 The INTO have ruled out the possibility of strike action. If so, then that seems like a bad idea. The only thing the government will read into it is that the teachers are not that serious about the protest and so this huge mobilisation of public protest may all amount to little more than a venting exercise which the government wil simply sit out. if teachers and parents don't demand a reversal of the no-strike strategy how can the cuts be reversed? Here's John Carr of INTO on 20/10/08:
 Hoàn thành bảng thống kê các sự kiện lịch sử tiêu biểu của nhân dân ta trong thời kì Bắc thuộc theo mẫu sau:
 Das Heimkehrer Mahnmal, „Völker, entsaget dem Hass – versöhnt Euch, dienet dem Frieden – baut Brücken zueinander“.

· · · · · · ·

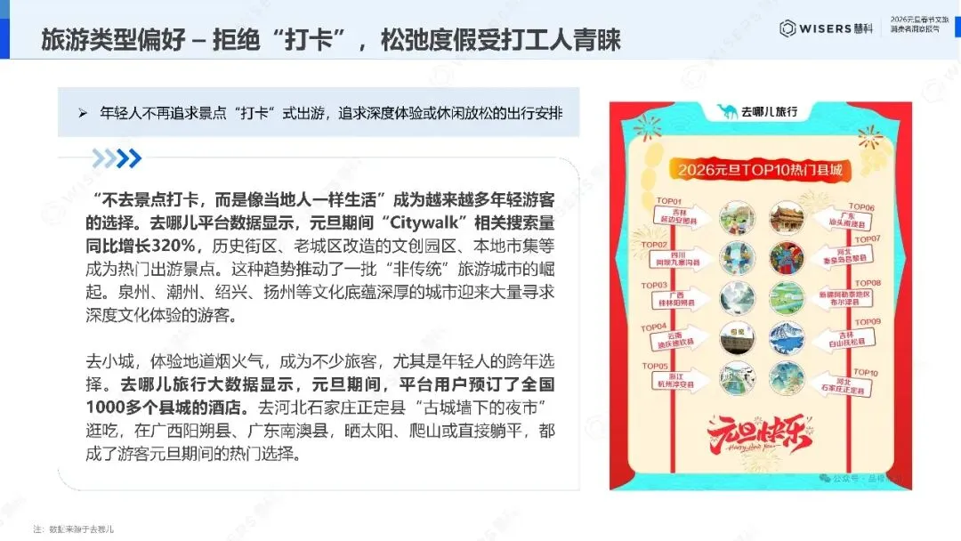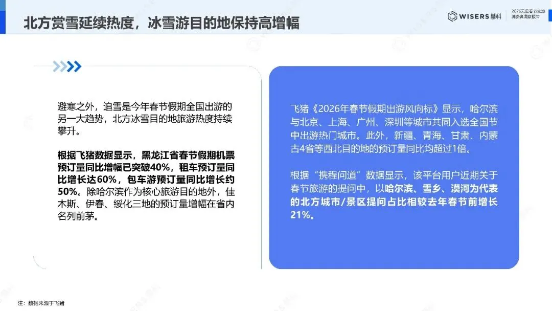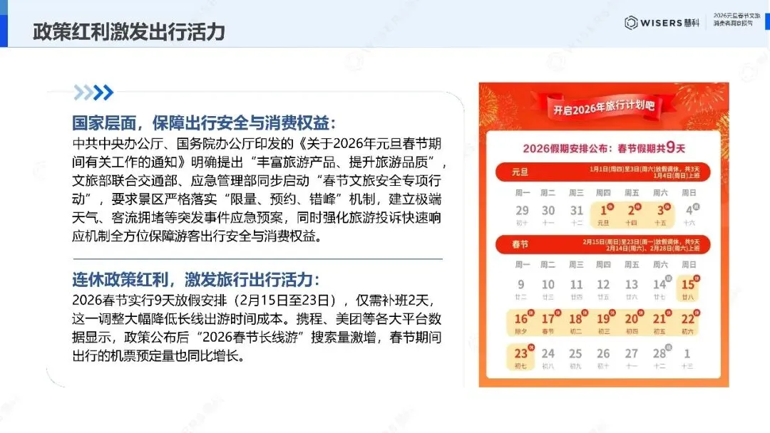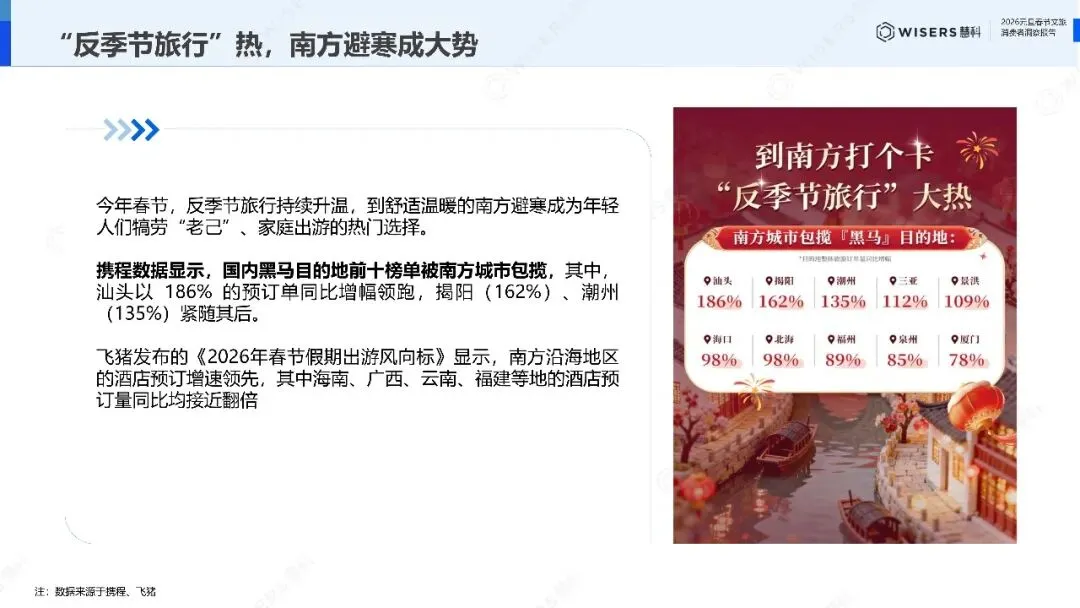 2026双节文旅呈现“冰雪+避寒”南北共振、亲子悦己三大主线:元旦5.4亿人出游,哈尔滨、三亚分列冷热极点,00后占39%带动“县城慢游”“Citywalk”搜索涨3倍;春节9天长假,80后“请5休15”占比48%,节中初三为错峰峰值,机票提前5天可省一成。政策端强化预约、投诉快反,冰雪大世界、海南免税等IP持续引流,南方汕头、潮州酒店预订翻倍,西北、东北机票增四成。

· · · · · · ·

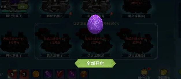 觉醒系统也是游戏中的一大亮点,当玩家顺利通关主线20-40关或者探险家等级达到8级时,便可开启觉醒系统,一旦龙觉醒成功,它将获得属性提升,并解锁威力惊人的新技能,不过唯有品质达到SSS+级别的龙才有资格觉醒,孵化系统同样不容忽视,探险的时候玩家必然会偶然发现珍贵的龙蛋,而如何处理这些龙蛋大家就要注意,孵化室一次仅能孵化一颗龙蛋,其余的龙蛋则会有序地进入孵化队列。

· · · · · · ·

## TASK GOAL
Copy the records above exactly, beginning at the line that contains "The INTO have" and stopping after the line that contains "Das Heimkehrer Mahnmal, „Völker, entsaget".

## SOLVED PROBLEM
 The INTO have ruled out the possibility of strike action. If so, then that seems like a bad idea. The only thing the government will read into it is that the teachers are not that serious about the protest and so this huge mobilisation of public protest may all amount to little more than a venting exercise which the government wil simply sit out. if teachers and parents don't demand a reversal of the no-strike strategy how can the cuts be reversed? Here's John Carr of INTO on 20/10/08:
 Hoàn thành bảng thống kê các sự kiện lịch sử tiêu biểu của nhân dân ta trong thời kì Bắc thuộc theo mẫu sau:
 Das Heimkehrer Mahnmal, „Völker, entsaget dem Hass – versöhnt Euch, dienet dem Frieden – baut Brücken zueinander“.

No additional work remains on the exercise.